◆ **MATERIAL TO PROCESS**:
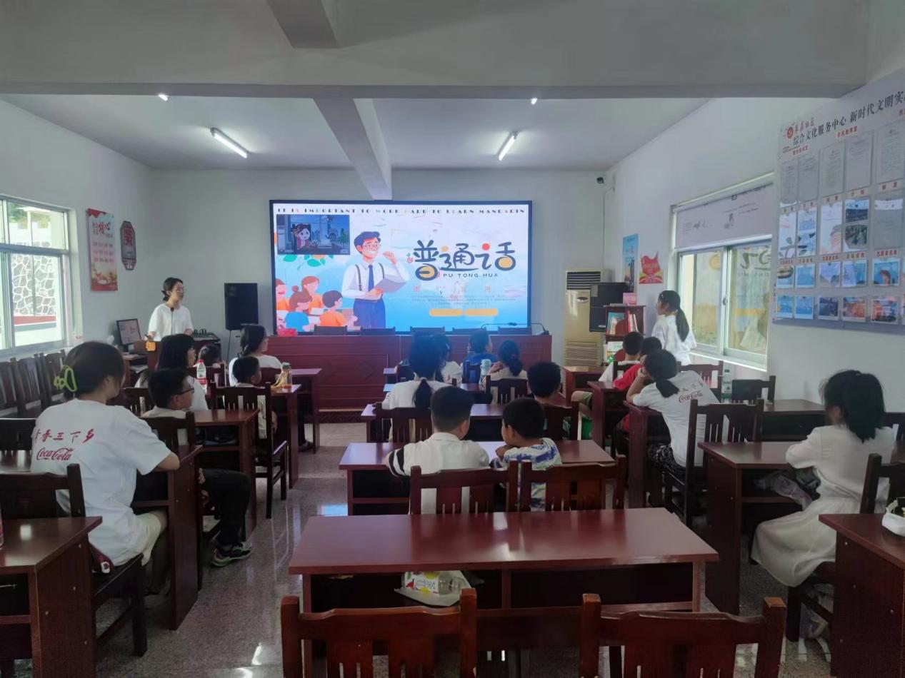 為豐富社區(qū)兒童暑期生活,團隊成員去往多個社區(qū),搭建“七彩課堂”教育平臺。7月17日下午,來蘇社區(qū)內,科普組的同學發(fā)揮師范類專業(yè)的優(yōu)勢,開展推廣普通話的公益課堂。同學們通過互動式教學和有趣的語言游戲,讓小朋友們在輕松愉悅的氛圍中學習普通話的重要性。
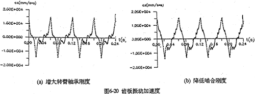 增大行星軸承剛度的目的在于減小雙曲柄機構的變形,降低死點沖擊幅值。并且使各相嚙合力均衡化、減小嚙合沖擊。圖6-20是分別將行星軸承剛度增加一個數量級和內齒圈降低一個數量級時齒板的振動加速度。兩者加速度幅值均降低了1/4倍左右。
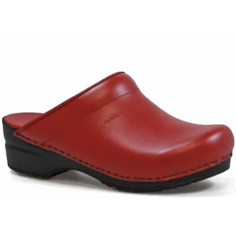 Åben træsko fra Sanita med PU-flexsåler. Overdelen er lavet i kraftig skind.
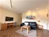 Wohnzimmer:Ledercouch, 1 Ledersessel, Couchtisch, Beistelltisch mit Leselampe, Kabel-TV (HD), 50-Zoll-Flachbildschirm, Stereoanlage mit CD-/DVD-Player, HiFi-Schrank, Stehlampe, Schrankwand, Vitrine, Regal, Schrankdoppelbett, Esstisch, 4 Stühle, moderne E-Heizung
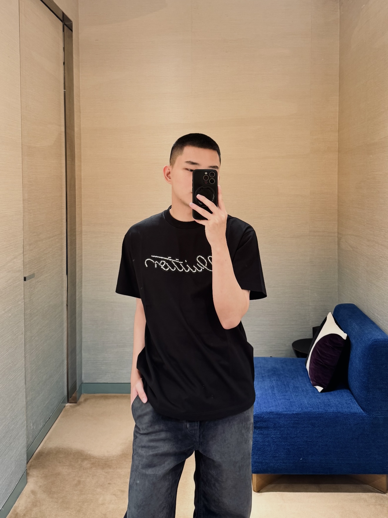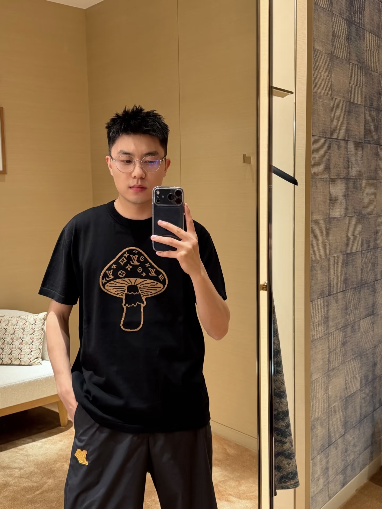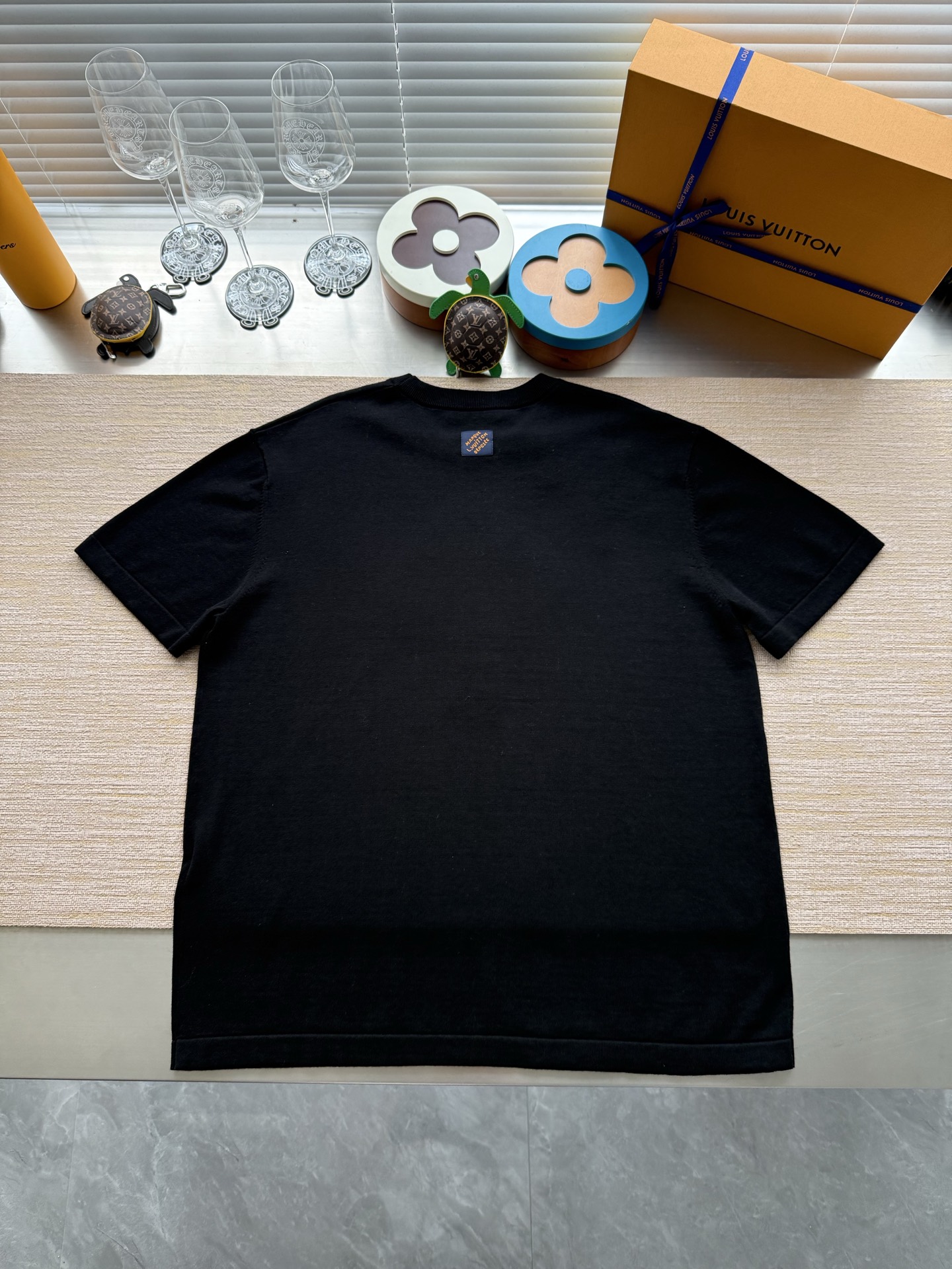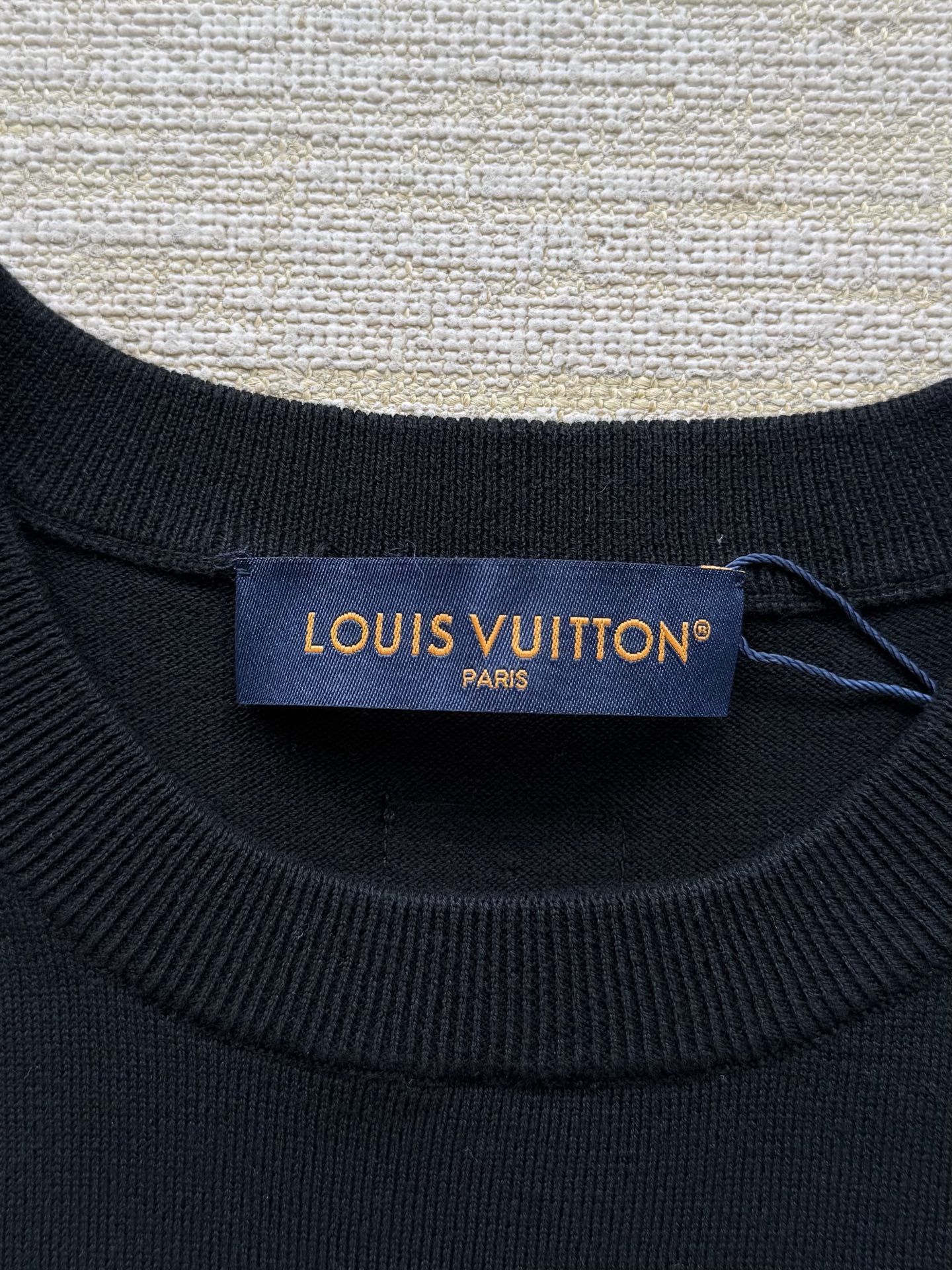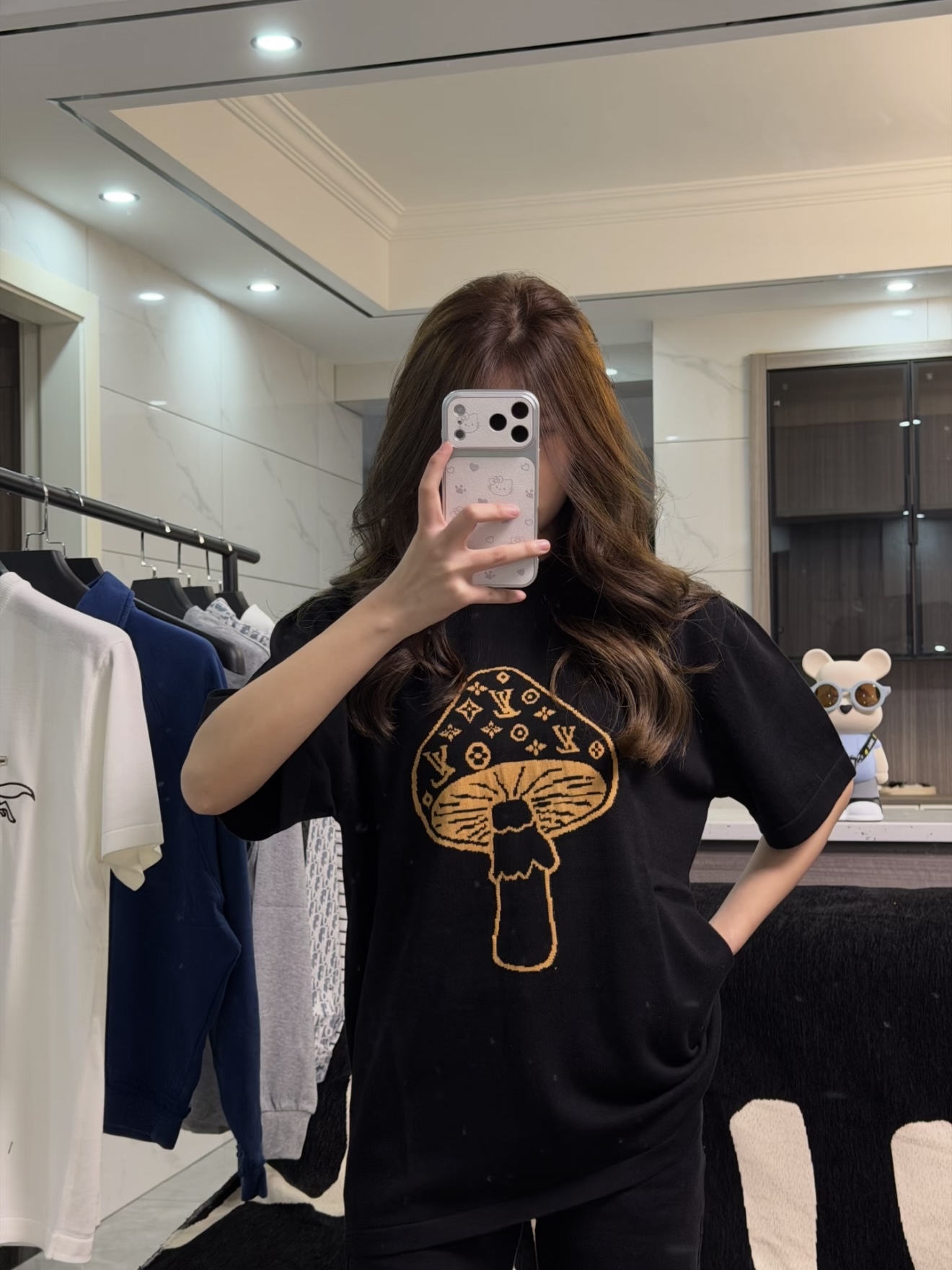 Louis Vuitton25ss蘑菇提花字母针织短袖‼️整件衣服8950购买ZP拆解打造,采用定制黑色棉质针织面料,做到100%全棉进口纱线,意大利制造,前幅饰以蘑菇图案字母标识提花,提花做到与面料融为一体,定织标志性罗纹领口 袖口 下摆,超紧密度局部编织,真正做到1:1copy 码数:XS S M L

◆ **EXERCISE GOAL**:
Nothing but the pictures may be dropped; restate the material word for word.

◆ **EXERCISE OUTPUT**:
 為豐富社區(qū)兒童暑期生活,團隊成員去往多個社區(qū),搭建“七彩課堂”教育平臺。7月17日下午,來蘇社區(qū)內,科普組的同學發(fā)揮師范類專業(yè)的優(yōu)勢,開展推廣普通話的公益課堂。同學們通過互動式教學和有趣的語言游戲,讓小朋友們在輕松愉悅的氛圍中學習普通話的重要性。
 增大行星軸承剛度的目的在于減小雙曲柄機構的變形,降低死點沖擊幅值。并且使各相嚙合力均衡化、減小嚙合沖擊。圖6-20是分別將行星軸承剛度增加一個數量級和內齒圈降低一個數量級時齒板的振動加速度。兩者加速度幅值均降低了1/4倍左右。
 Åben træsko fra Sanita med PU-flexsåler. Overdelen er lavet i kraftig skind.
 Wohnzimmer:Ledercouch, 1 Ledersessel, Couchtisch, Beistelltisch mit Leselampe, Kabel-TV (HD), 50-Zoll-Flachbildschirm, Stereoanlage mit CD-/DVD-Player, HiFi-Schrank, Stehlampe, Schrankwand, Vitrine, Regal, Schrankdoppelbett, Esstisch, 4 Stühle, moderne E-Heizung
 Louis Vuitton25ss蘑菇提花字母针织短袖‼️整件衣服8950购买ZP拆解打造,采用定制黑色棉质针织面料,做到100%全棉进口纱线,意大利制造,前幅饰以蘑菇图案字母标识提花,提花做到与面料融为一体,定织标志性罗纹领口 袖口 下摆,超紧密度局部编织,真正做到1:1copy 码数:XS S M L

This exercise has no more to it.